**Information given:**
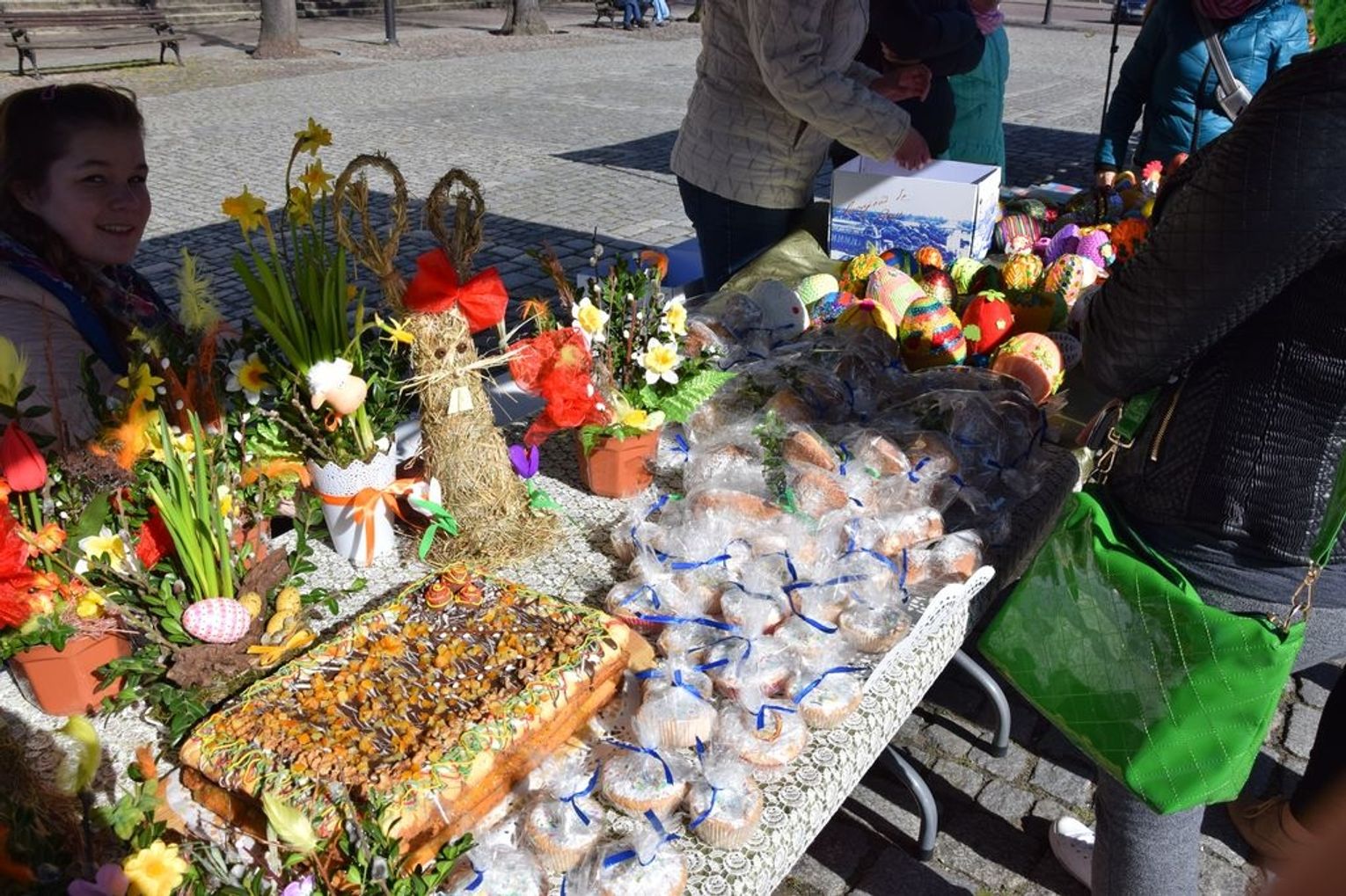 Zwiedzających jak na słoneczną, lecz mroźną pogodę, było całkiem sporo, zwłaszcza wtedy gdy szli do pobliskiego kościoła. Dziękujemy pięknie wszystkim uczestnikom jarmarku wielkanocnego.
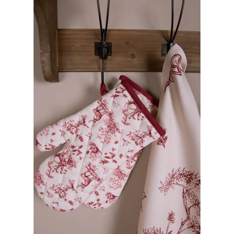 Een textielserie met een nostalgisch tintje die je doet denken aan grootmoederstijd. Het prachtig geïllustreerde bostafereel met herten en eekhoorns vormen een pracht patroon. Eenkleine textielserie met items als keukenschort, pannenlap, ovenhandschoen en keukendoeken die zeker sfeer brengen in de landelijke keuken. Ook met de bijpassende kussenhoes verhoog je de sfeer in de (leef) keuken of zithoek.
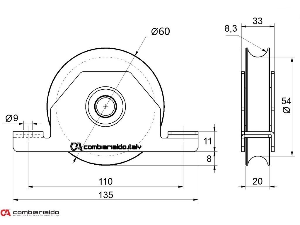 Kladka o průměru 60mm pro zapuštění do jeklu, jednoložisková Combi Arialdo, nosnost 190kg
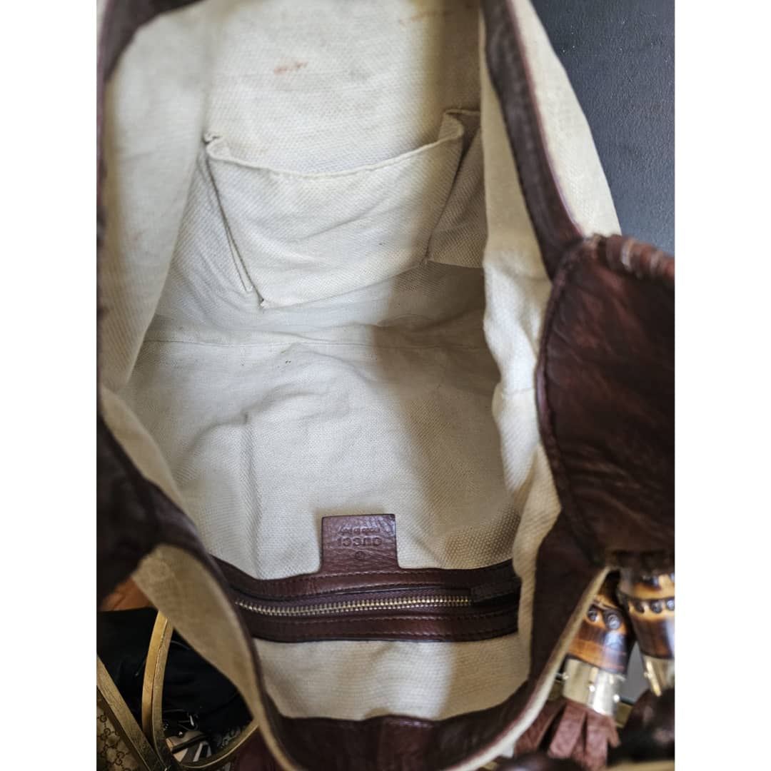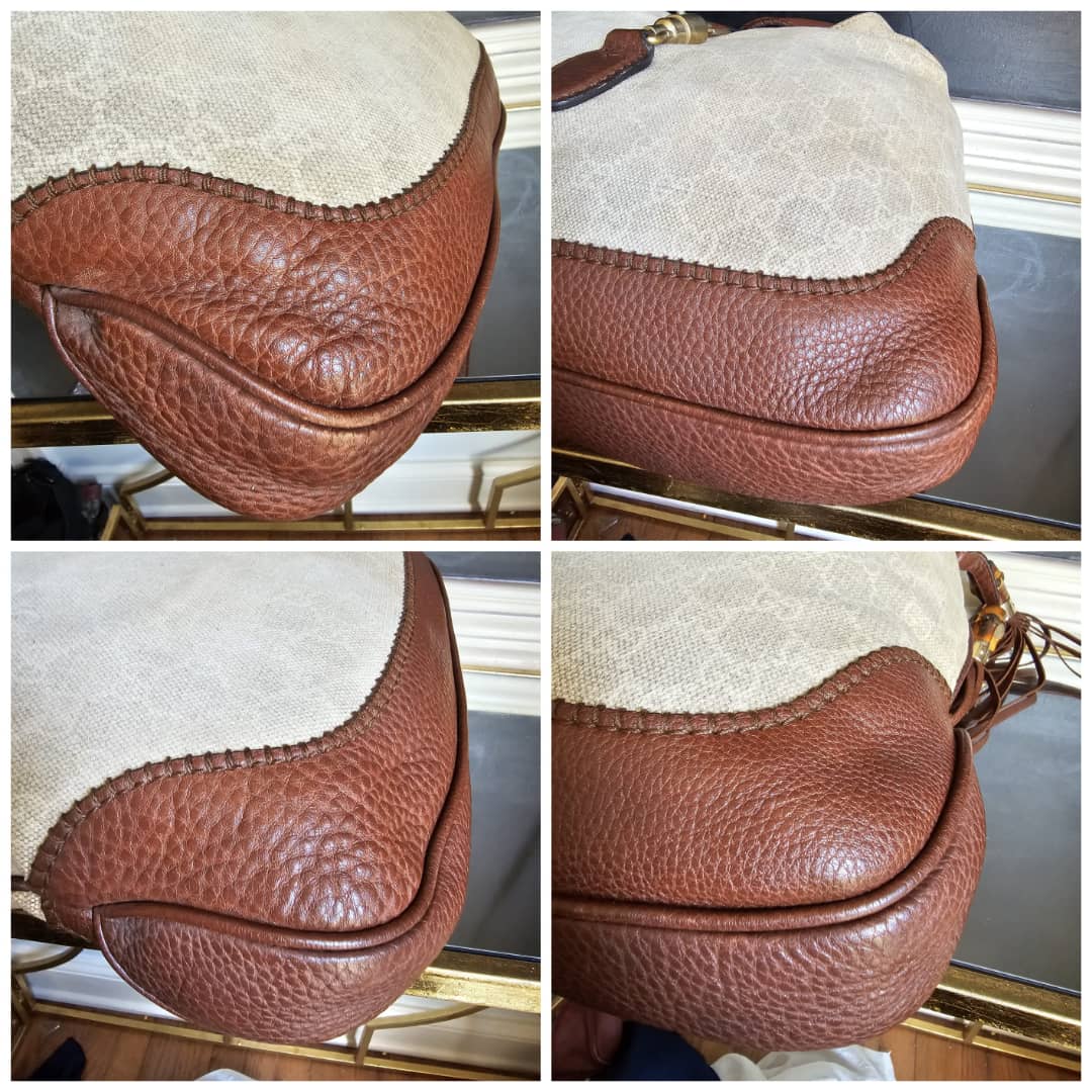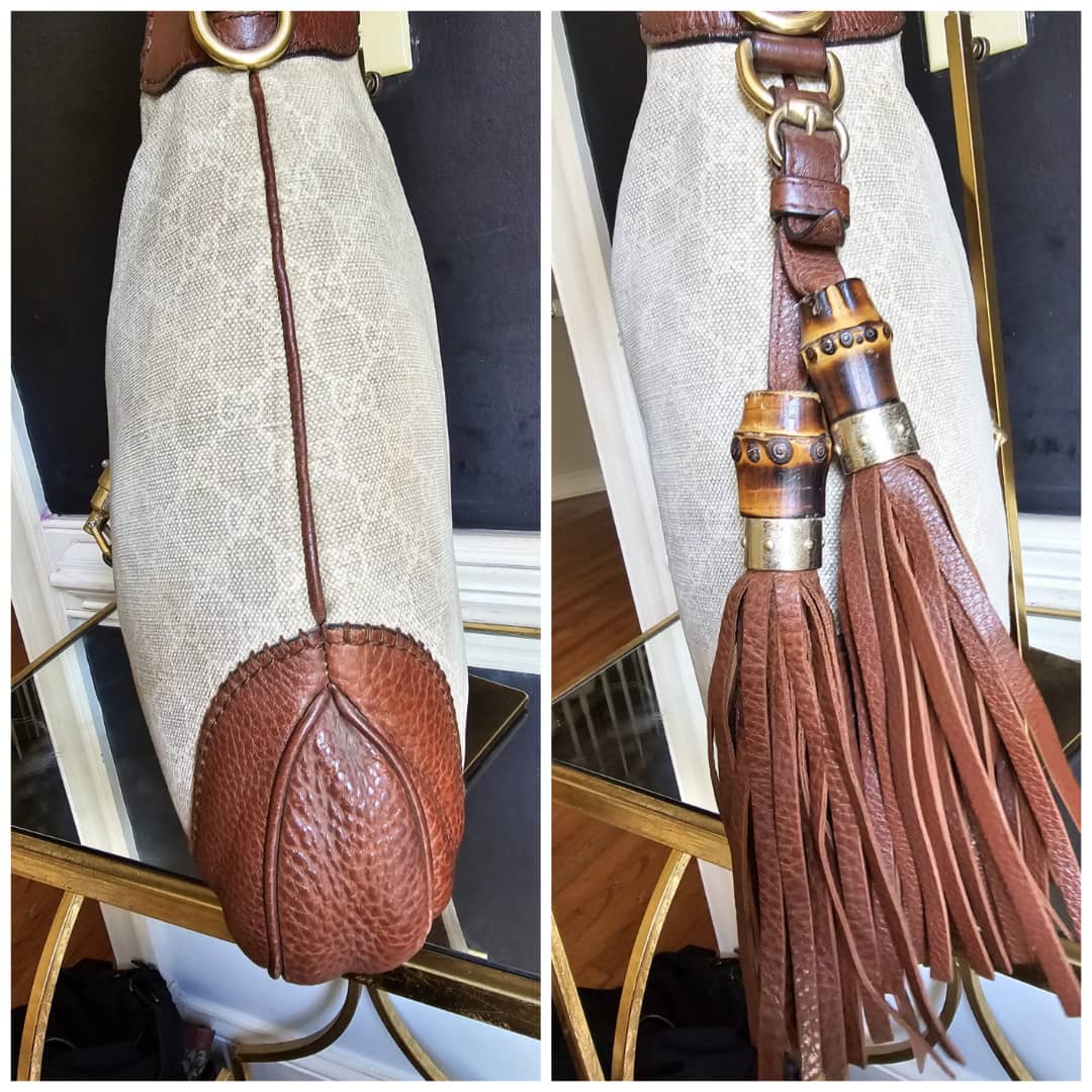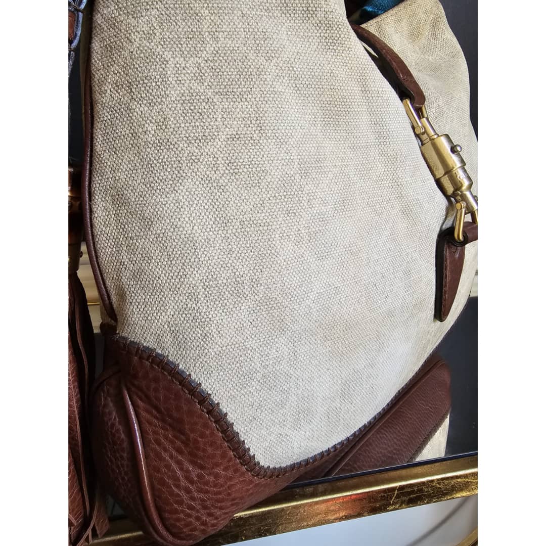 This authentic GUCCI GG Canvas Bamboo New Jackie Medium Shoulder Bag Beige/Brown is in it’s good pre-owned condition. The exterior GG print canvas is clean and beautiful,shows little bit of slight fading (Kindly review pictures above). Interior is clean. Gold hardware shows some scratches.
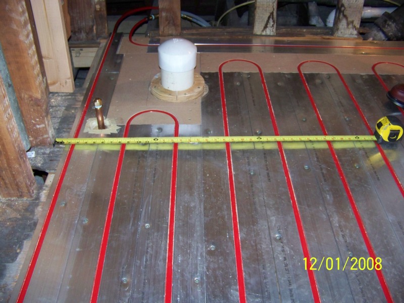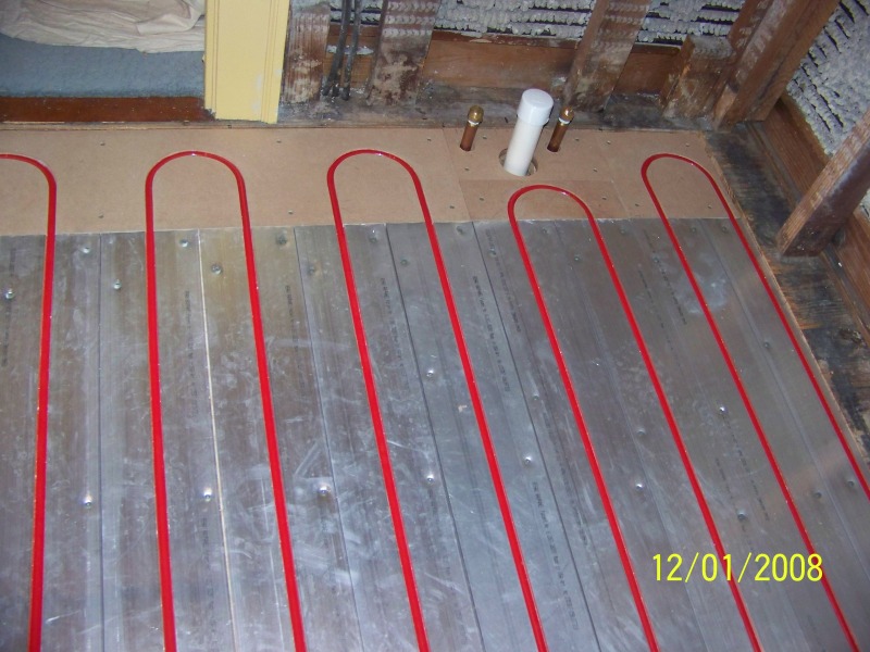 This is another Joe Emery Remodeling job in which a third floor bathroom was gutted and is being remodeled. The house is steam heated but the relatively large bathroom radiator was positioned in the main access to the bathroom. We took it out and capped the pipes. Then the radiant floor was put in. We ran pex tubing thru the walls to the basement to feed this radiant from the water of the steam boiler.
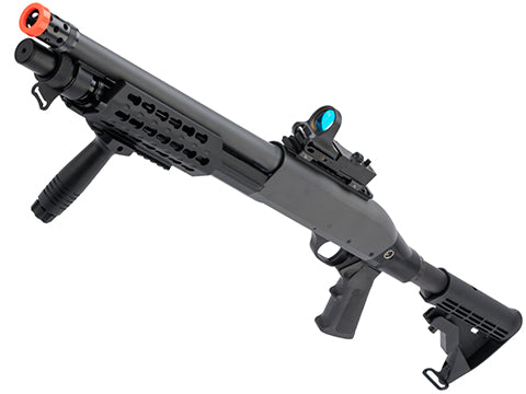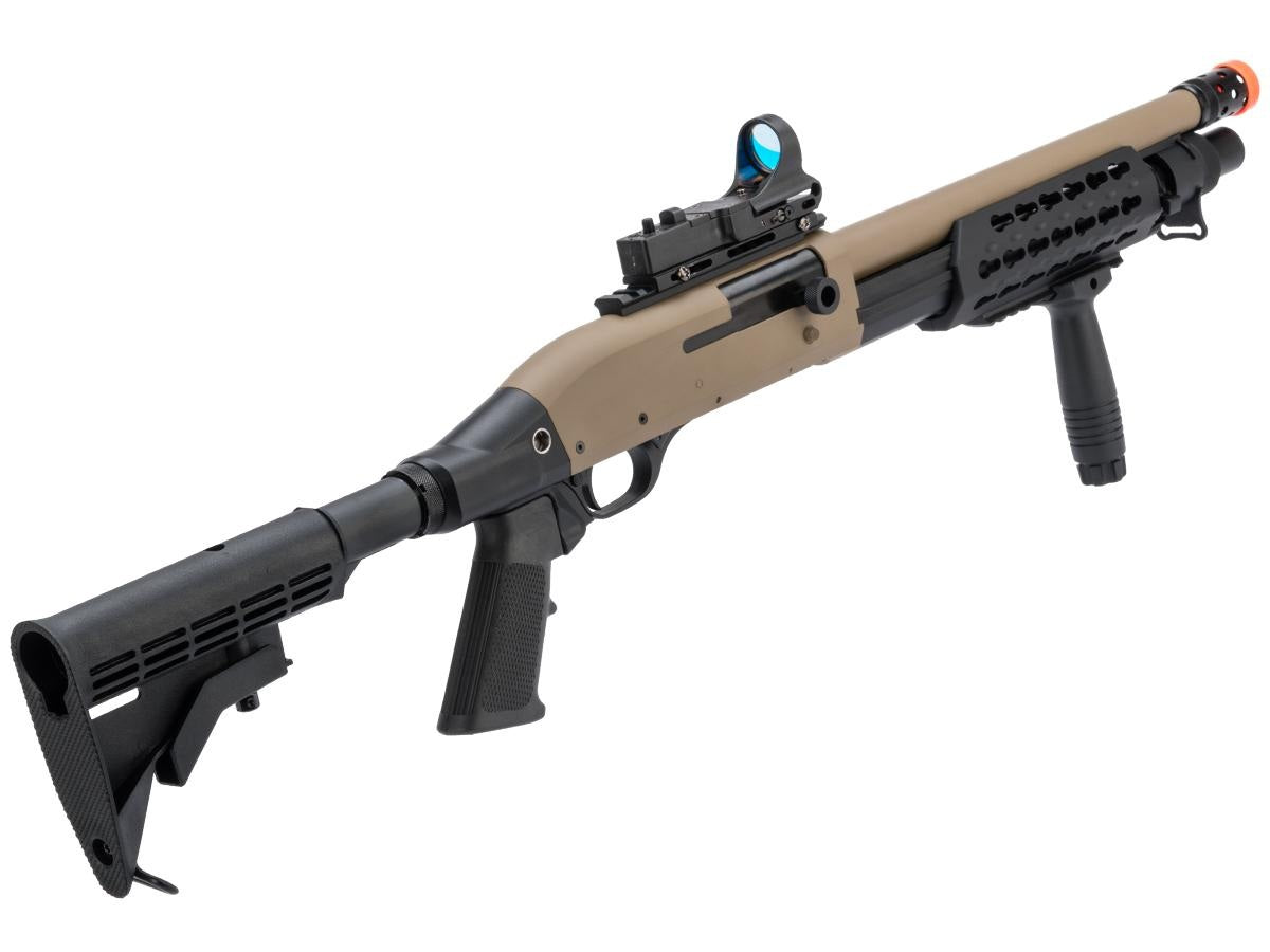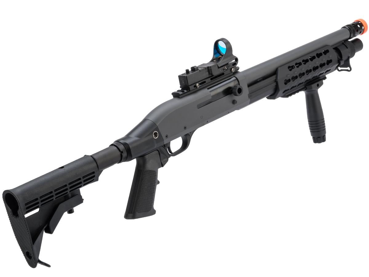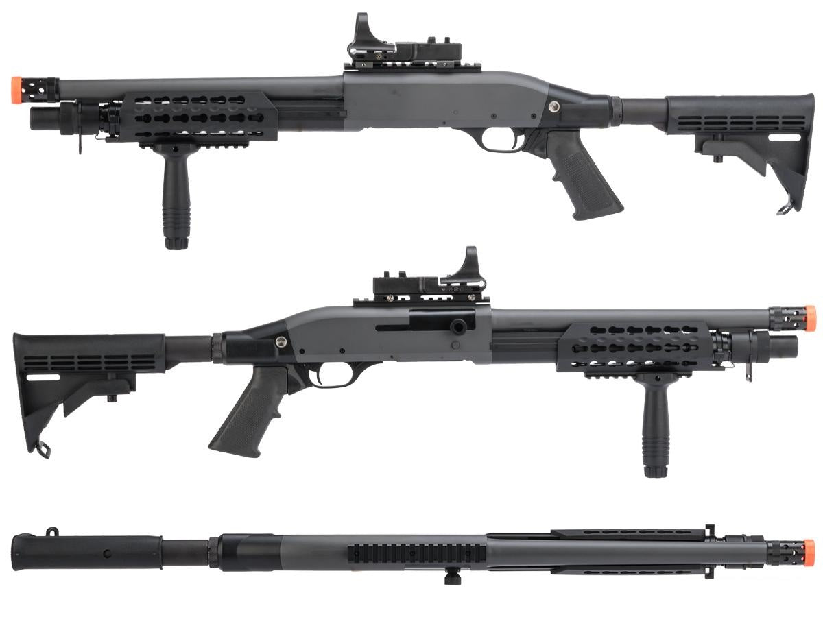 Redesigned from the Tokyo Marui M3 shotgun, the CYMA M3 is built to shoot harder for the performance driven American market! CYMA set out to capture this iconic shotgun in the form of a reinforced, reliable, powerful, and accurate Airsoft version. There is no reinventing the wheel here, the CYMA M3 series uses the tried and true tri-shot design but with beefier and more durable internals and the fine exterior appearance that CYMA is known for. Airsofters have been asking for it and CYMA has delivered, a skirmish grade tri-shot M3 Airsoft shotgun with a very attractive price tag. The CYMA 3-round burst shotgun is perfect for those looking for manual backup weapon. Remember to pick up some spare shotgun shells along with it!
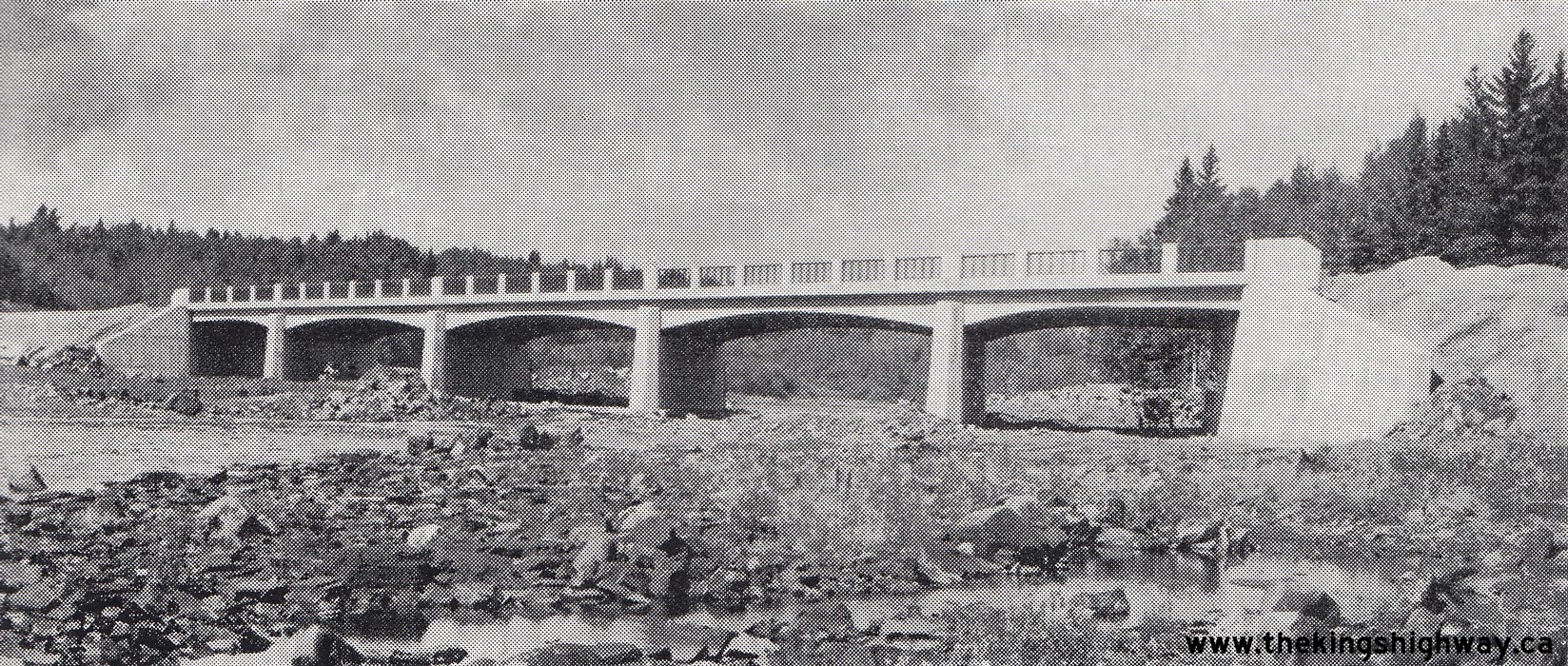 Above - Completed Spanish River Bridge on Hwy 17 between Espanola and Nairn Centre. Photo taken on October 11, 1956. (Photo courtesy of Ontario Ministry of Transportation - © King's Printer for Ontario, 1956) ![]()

**Exercise objective:** Print the entries as they stand, first line through the line holding "This is another", with every picture removed.

**Answer box:**
 Zwiedzających jak na słoneczną, lecz mroźną pogodę, było całkiem sporo, zwłaszcza wtedy gdy szli do pobliskiego kościoła. Dziękujemy pięknie wszystkim uczestnikom jarmarku wielkanocnego.
 Een textielserie met een nostalgisch tintje die je doet denken aan grootmoederstijd. Het prachtig geïllustreerde bostafereel met herten en eekhoorns vormen een pracht patroon. Eenkleine textielserie met items als keukenschort, pannenlap, ovenhandschoen en keukendoeken die zeker sfeer brengen in de landelijke keuken. Ook met de bijpassende kussenhoes verhoog je de sfeer in de (leef) keuken of zithoek.
 Kladka o průměru 60mm pro zapuštění do jeklu, jednoložisková Combi Arialdo, nosnost 190kg
 This authentic GUCCI GG Canvas Bamboo New Jackie Medium Shoulder Bag Beige/Brown is in it’s good pre-owned condition. The exterior GG print canvas is clean and beautiful,shows little bit of slight fading (Kindly review pictures above). Interior is clean. Gold hardware shows some scratches.
 This is another Joe Emery Remodeling job in which a third floor bathroom was gutted and is being remodeled. The house is steam heated but the relatively large bathroom radiator was positioned in the main access to the bathroom. We took it out and capped the pipes. Then the radiant floor was put in. We ran pex tubing thru the walls to the basement to feed this radiant from the water of the steam boiler.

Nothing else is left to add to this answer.